試合レポート

大宮東vs本庄

2021.07.12

三度の試合中断も集中力を切らさなかった大宮東がコールドで初戦突破

 レジスタ大宮球場の第二試合はDシード・大宮東対埼玉本庄との一戦である。

 大宮東のスタメンは今春と比べガラリと変わった。どちらかといえば昨秋に近い布陣で岩崎康生(3年)、山田拓磨(3年)は昨秋以来のスタメンとなる。さらに、

「今大会のメンバーは昨秋のパターンと今春に試したパターンを融合した形。その中で二遊間は秋春としっくり来る形がなくて思い切って使ってみた」(河西監督)

と、相手投手が右サイド系の投手ということもあり、6番・ショートに1年生の渡邉健翔を起用するなど1~6番に左が6人並ぶ布陣となった。守備位置もショートに渡邉が入ることにより、宇田悠希(3年)がセカンド、小倉和也(3年)がサードとなっている。

 先発は大宮東が昨秋以来の先発となる左腕・清水慶斗(2年)、一方の埼玉本庄は右サイドの藤野太一(3年)と両エースが登板し試合が始まる。

 先制したのは大宮東であった。

 2回裏、一死から7番・小倉がセカンドゴロエラーで出塁し一死二塁とすると、二死後、9番・高橋大地(2年)のサードゴロがタイムリーエラーとなり、大宮東が幸先良く1点を先制する。

 大宮東は3回裏にも、この回先頭の宇田がセンター前ヒットを放ち出塁すると、続く清水のセーフティーバントが相手の悪送球を呼び、その間に一走・宇田が一気に本塁へ生還する。さらに無死二塁から4番・山岸大悟(2年)がきっちりと送り一死三塁とすると、続く山田が左中間へタイムリー三塁打を放つと、6番・渡邉がスクイズを決めるなどこの回一挙3得点、4対0とし試合の主導権を握る。

 4回裏、5回裏と攻撃中に雷のため二度の中断も集中力を切らさない大宮東は5回裏にも一死から5番・山岸が四球で出塁すると、二死後、7番・小倉もレフト前ヒットを放ち二死一、二塁とチャンスを広げる。ここで、続く菊谷伶央(2年)がセンター前タイムリーを放つ。その後も9番・高橋大、1番・岩崎の連打で2点を追加するなど、中断明けからの4連打でこの回3点を追加し7点差をつけコールドペースへ持ち込む。


 6回裏にも雷雨のため3度目の中断があったが、中断明けの先頭打者宇田がバントヒットを決め出塁すると、その後2死四球を選び二死満塁とし、最後は7番・小倉がレフト越え走者一掃のタイムリー三塁打を放ち10点差をつけ一気に試合を決める。

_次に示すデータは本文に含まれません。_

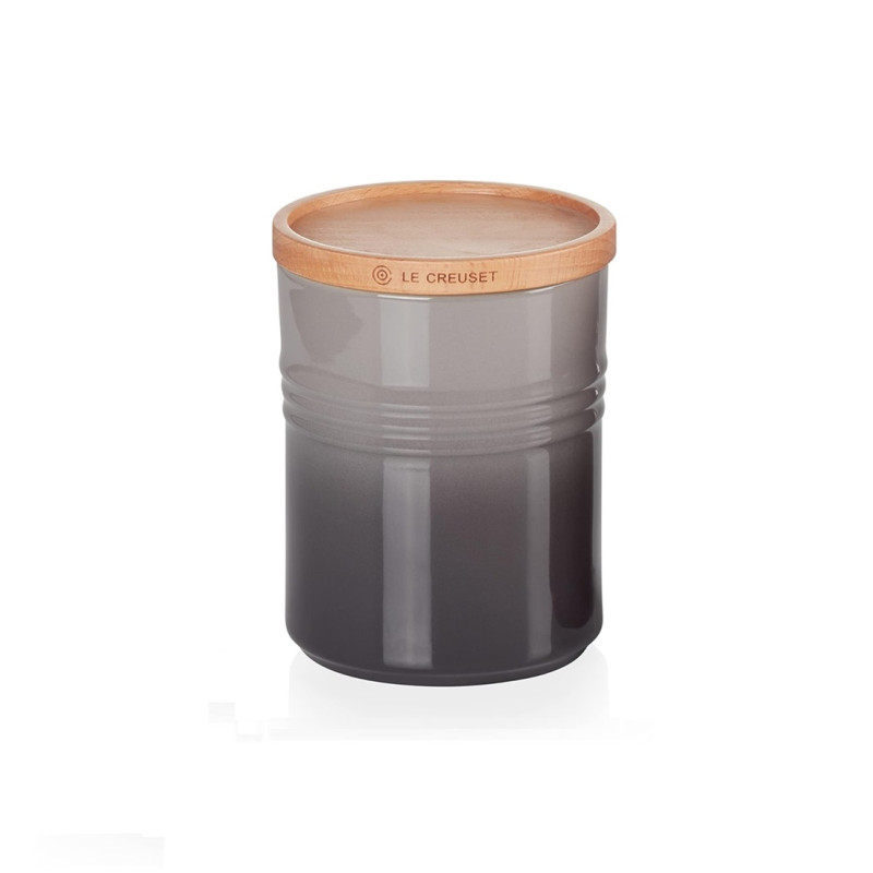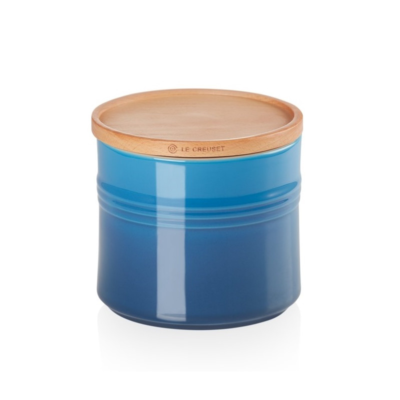 BARATTOLO M CON COPERCHIO IN LEGNO, GRES VETRIFICATO 10 CM - LE CREUSET Questo barattolo in gres vetrificato è indispensabile per l'organizzazione in cucina. Da usare per mantenere freschi il tè, il caffè e lo zucchero o per conservare ingredienti su un ripiano a vista. Caratterizzato da un design attento a stile e funzionalità, questo barattolo si impila con gli altri della collezione. - Resistente ai graffi - Facile da pulire. - Mantiene la temperatura uniforme e garantisce resistenza e durata nel tempo. - Adatto sia al caldo che al freddo, è termoresistente da -23 °C a +260 °C. - Materiale: Gres Vetrificato - Garanzia 10 anni - Capacità: 0.54 L - Dimensioni: L 9.9 cm x L 9.9 cm x A 12.2 cm

 投げては先発の清水が本庄打線に対し危なげなく2安打無失点で抑える好投を見せる。

 結局大宮東が6回コールド10対0で埼玉本庄を下し、初戦を突破した。

 まずは、埼玉本庄だが、この日は3度の試合中断などもありながら、エース藤野は最後まで集中を切らさず良く投げていた。だが、3失策と内野がやや足を引っ張る形となってしまった。新チームではまず守備の強化が必須となるであろう。

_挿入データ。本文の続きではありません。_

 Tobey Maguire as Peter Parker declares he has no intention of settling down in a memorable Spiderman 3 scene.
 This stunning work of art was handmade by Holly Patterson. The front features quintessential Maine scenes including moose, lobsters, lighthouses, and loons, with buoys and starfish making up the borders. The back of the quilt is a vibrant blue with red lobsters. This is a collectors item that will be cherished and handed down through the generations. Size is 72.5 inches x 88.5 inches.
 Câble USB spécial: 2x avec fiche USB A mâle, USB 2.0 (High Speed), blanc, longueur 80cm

 一方の大宮東だが、エース清水は昨秋以来となる公式戦登板であったが、相手打線を寄せ付けず、打線も三度の中断にも集中力を切らさず、何より夏バージョンの打線が機能したことは今後へ向け収穫だ。もちろん、清水が投げる時、投げない時、相手投手が右か左かによって布陣の変更はあるが、切れ目のない打線の好調さをアピールした。

「うちはあくまで守備のチームなので」

と河西監督は謙遜するが、今後さらに打線の勢いが増すと投手陣は安定しているだけに同ブロックのライバル校もうかうかしてはいられないであろう。